Look below for the line with "En el marco" and the line with "CSIPKEMINTÁS HOSSZÚ PIROS". Copy exactly those two lines and every line between, but not the pictures.
++++++++
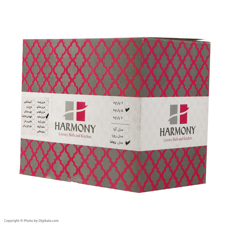 ست 5 پارچه هارمونی مدل روشا جدیدترین محصول شرکت هارمونی می باشد . گزینه ی کروم را انتخاب کنید).جنس این محصول از پلاستیک بسیار با کیفیت (ABS) و جدیدترین تکنولوژی آبکاری (آبکاری تحت خلا PVD) که کاملا مناسب محیط های مرطوب مثل سرویس بهداشتی و حمام می باشد.درب این محصول برای سهولت استفاده هم به صورت پدالی هم به صورت باد بزنی می باشد .برس این کار یک تکه با سری زبر و مقاومت بالا طراحی شده است. برای شستشوی این ست سرویس بهداشتی مراقبت شود که از محصولات اسیدی قوی مثل وایتکس و جوهر نمک استفاده نشود (چون موجب آسیب به آبکاری این کار می شود.)که در گذر زمان کالا آسیب نبیند.
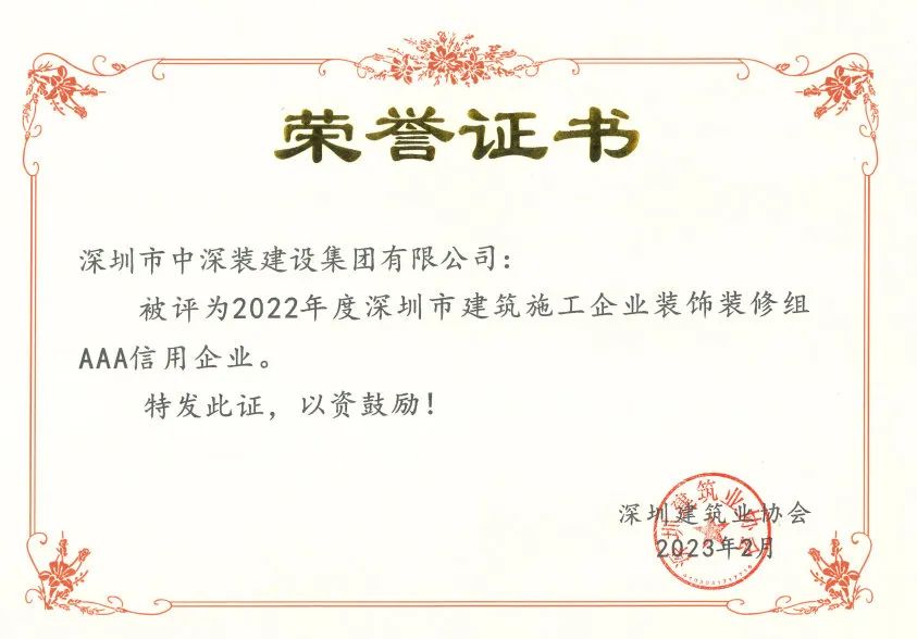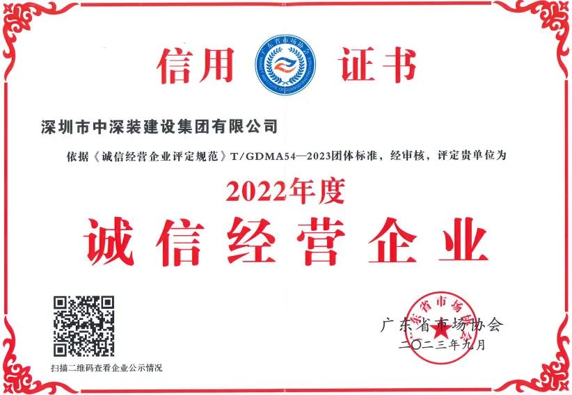未來,中深裝集團將以此為動力,繼續深入推進企業誠信經營、踐行守諾的信用意識,完善企業信用體系建設,堅持將誠信融入到品牌和企業文化建設中,不斷提升企業核心競爭力和品牌影響力,為客戶提供更高品質的服務和卓越的精品工程。
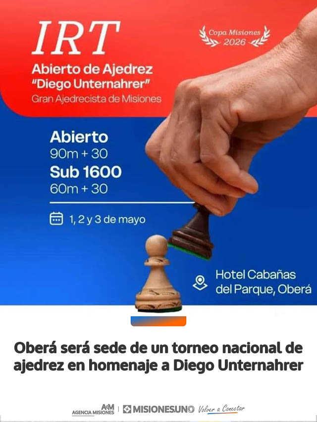 En el marco de su 85° aniversario, el Club de Ajedrez Oberá realizará el torneo IRT “Copa Misiones” – Abierto de Ajedrez Diego Unternahrer, uno de los eventos destacados del calendario nacional. La competencia se desarrollará del 1 al 3 de mayo en el Hotel Cabañas del Parque.
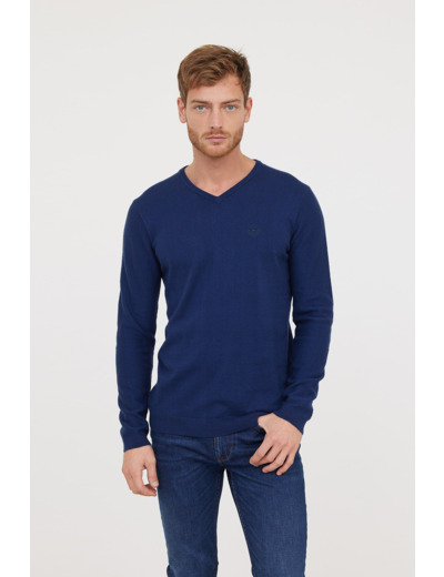 Pull Basique Col V Avec Laine Recyclée Et Print Poitrine
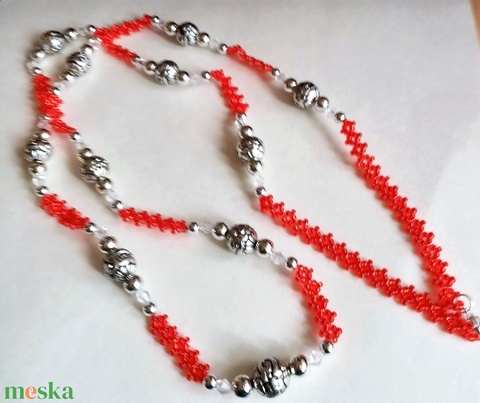 CSIPKEMINTÁS HOSSZÚ PIROS NYAKLÁNC EZÜST GOLYÓKKAL
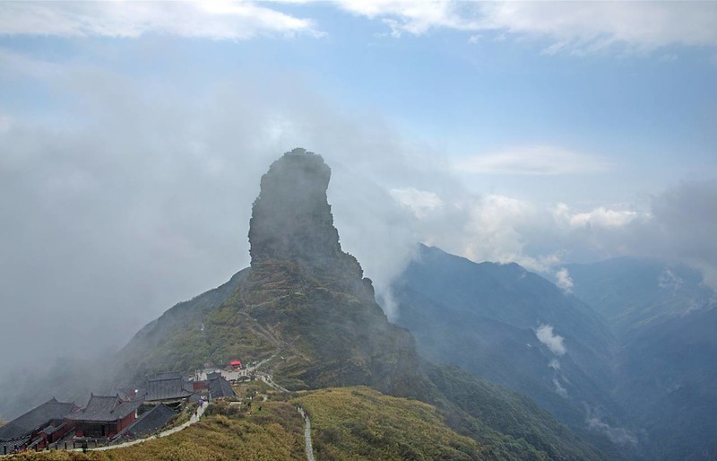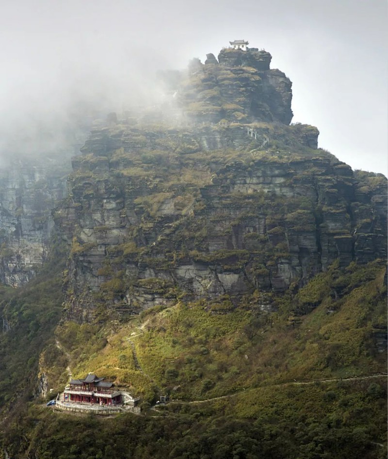 其实,海拔2000多米的梵净山顶不仅有玉树临风的蘑菇石,而且还有为天地点赞的酷似大拇指的山峰——红云金顶。这个垂直高差达百米的孤峰,在顶部中央疑似被神斧劈开,伤口有十多米深,前人为两个山头架起天桥,左右各建一庙,一边供奉释迦佛,一边供奉弥勒佛。由此印证现在佛向未来佛的交替。而红云金顶的得名,有人说是因为朝夕云霞映照,也有人说是朝拜的香火烧到了云天之上。攀登红云金顶,山路陡得要用双手爬,恐高症患者最好别攀登。不恐高的人一定要去体验孤峰绝壁之上当一个“武侠高手”的快感。若有雾来,这种感觉就更好了。
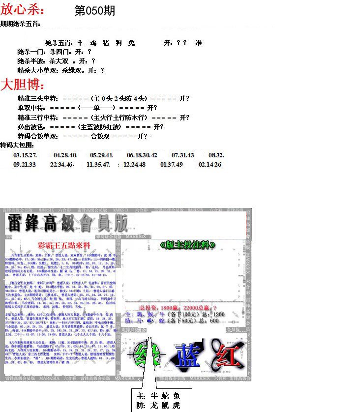| 050期五肖:狗猴鼠鸡兔 | 五码:21.23.43.22.16 |
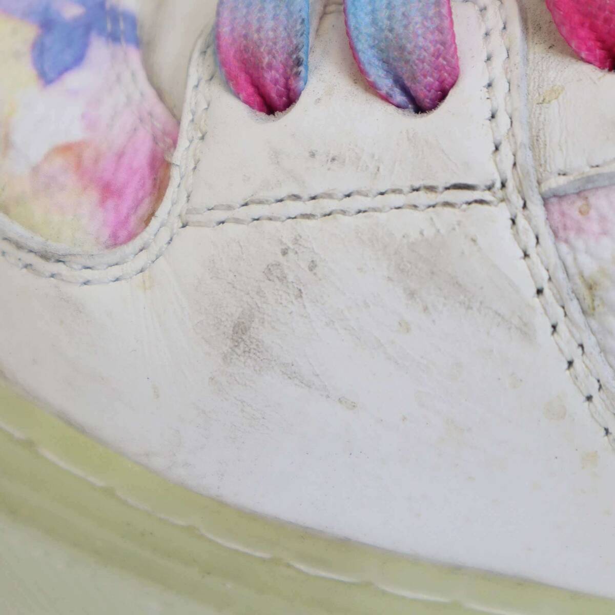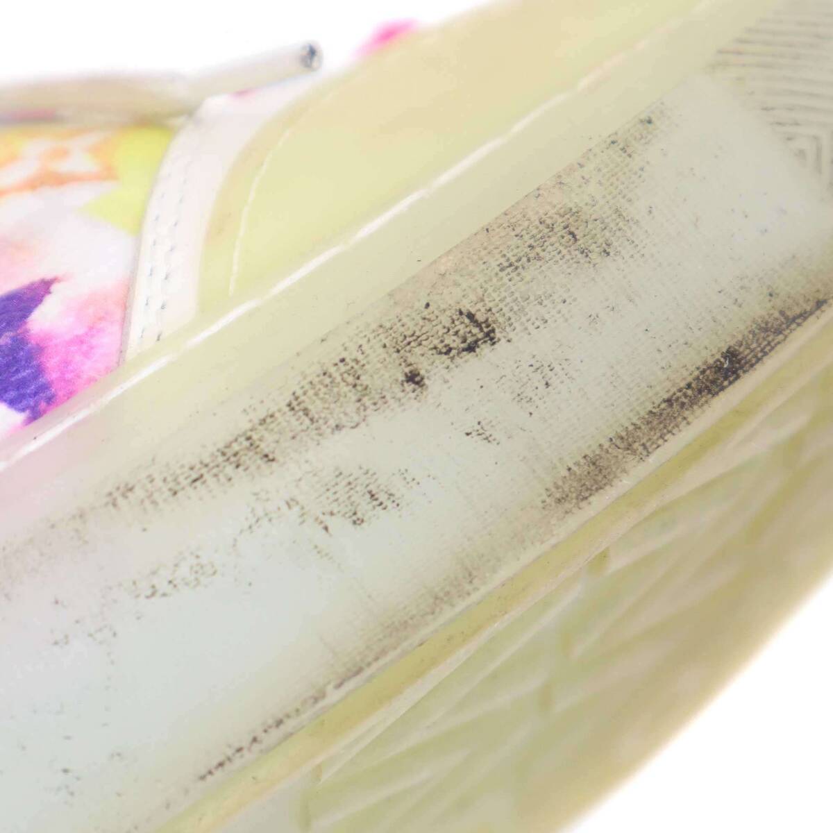 全体的に数箇所汚れ、アッパーに数箇所シミ汚れ、かかとにややすり減り、やや履きジワがございます。
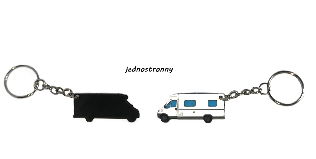 - Materiał: lekki, trwały filament PLA (druk 3D), wyposażony w solidny metalowy łańcuszek i kółko na klucze.
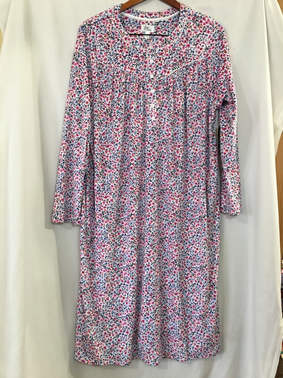 Aria Collection Nightgown Long Sleeve Velour Many Sizes White Floral Pockets New
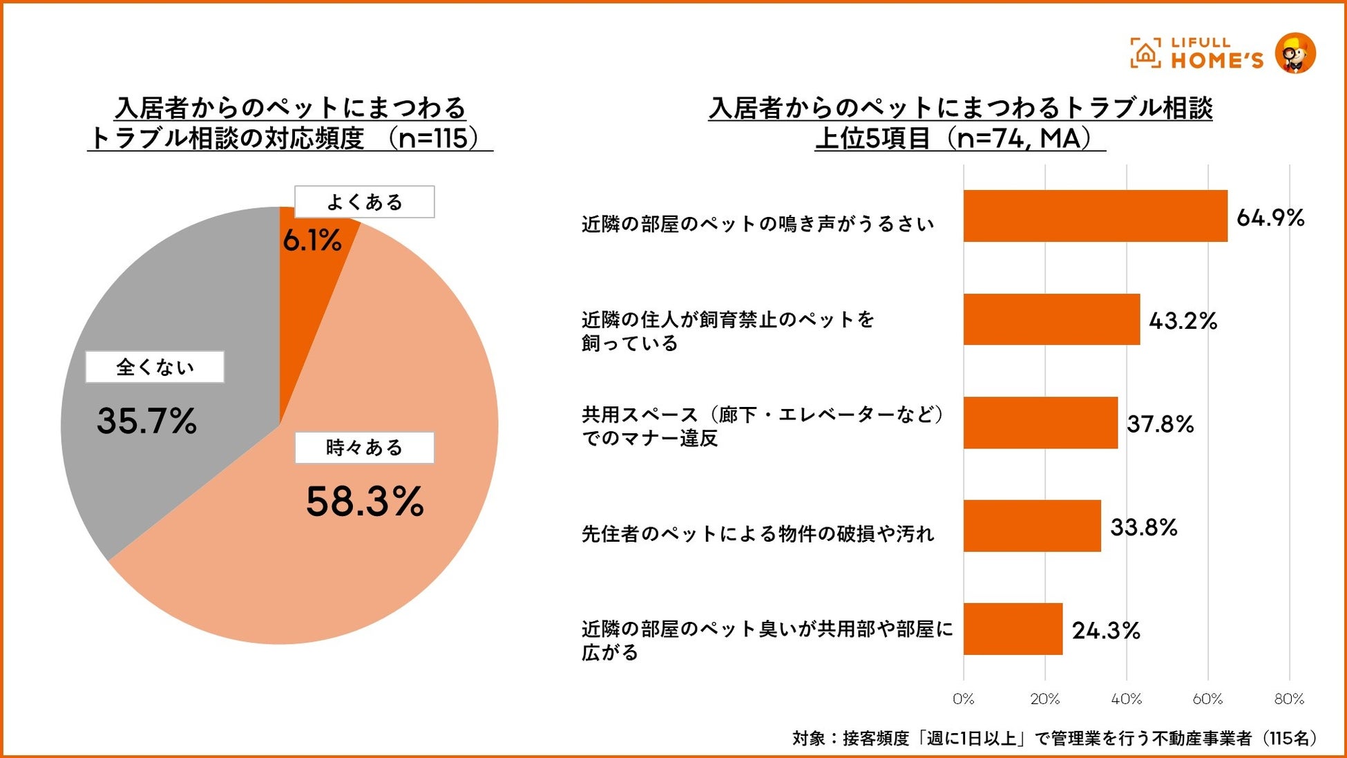 一方で、居住者からのペットにまつわるトラブル相談の対応頻度は「よくある」が6.1%、「時々ある」が58.3%、「全くない」が35.7%と不動産事業者の約6割がトラブル相談に対応しているようです。
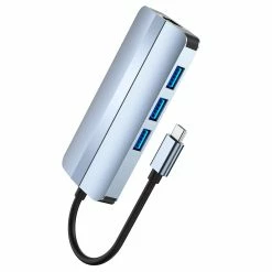This 6-in-1 USB-C hub features a 100WPD fast charging port, HDMI-compatible Port, 3Â USB 3.0 ports, and RJ 45. The adapter suits MacBook Air Pro, USB C laptops, mobile phones, pad and other type-C devices.
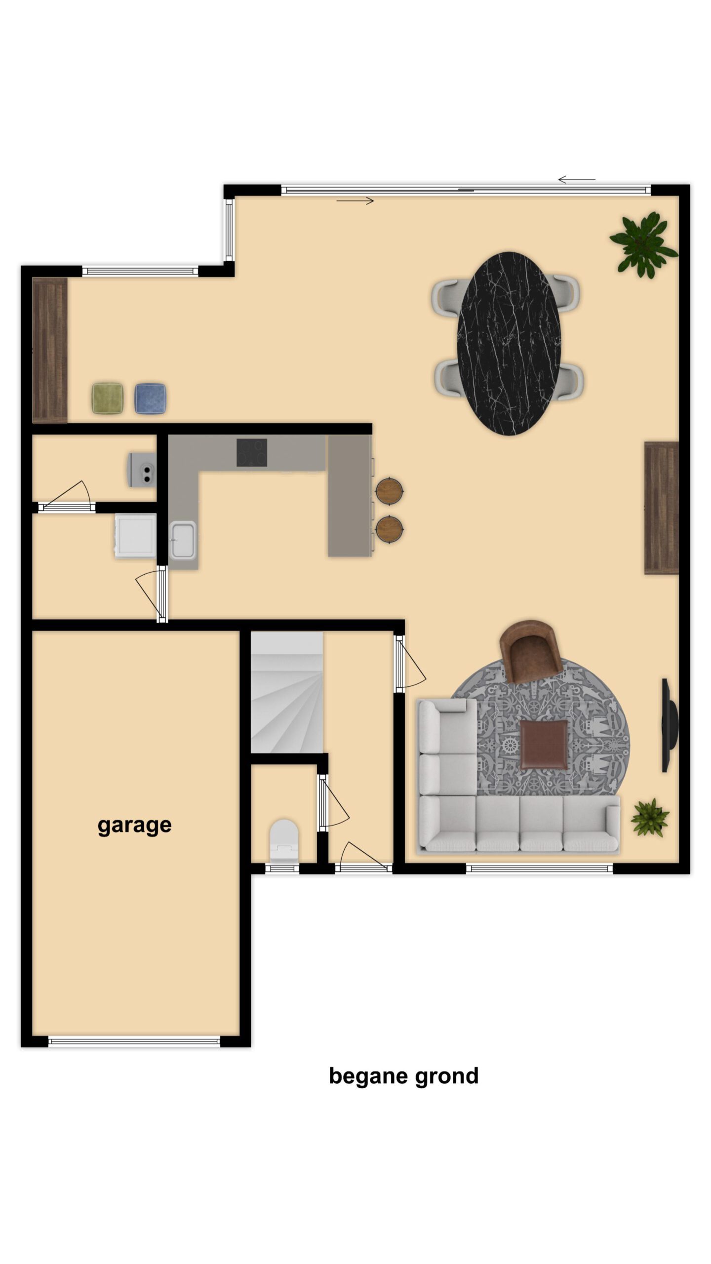 Inpandige doorgang naar de garage ca. 5.00 x 2.70 met elektrische poortopener en toegang tot het souterrain.
++++++++
RESULT OF THE TASK:
 En el marco de su 85° aniversario, el Club de Ajedrez Oberá realizará el torneo IRT “Copa Misiones” – Abierto de Ajedrez Diego Unternahrer, uno de los eventos destacados del calendario nacional. La competencia se desarrollará del 1 al 3 de mayo en el Hotel Cabañas del Parque.
 Pull Basique Col V Avec Laine Recyclée Et Print Poitrine
 CSIPKEMINTÁS HOSSZÚ PIROS NYAKLÁNC EZÜST GOLYÓKKAL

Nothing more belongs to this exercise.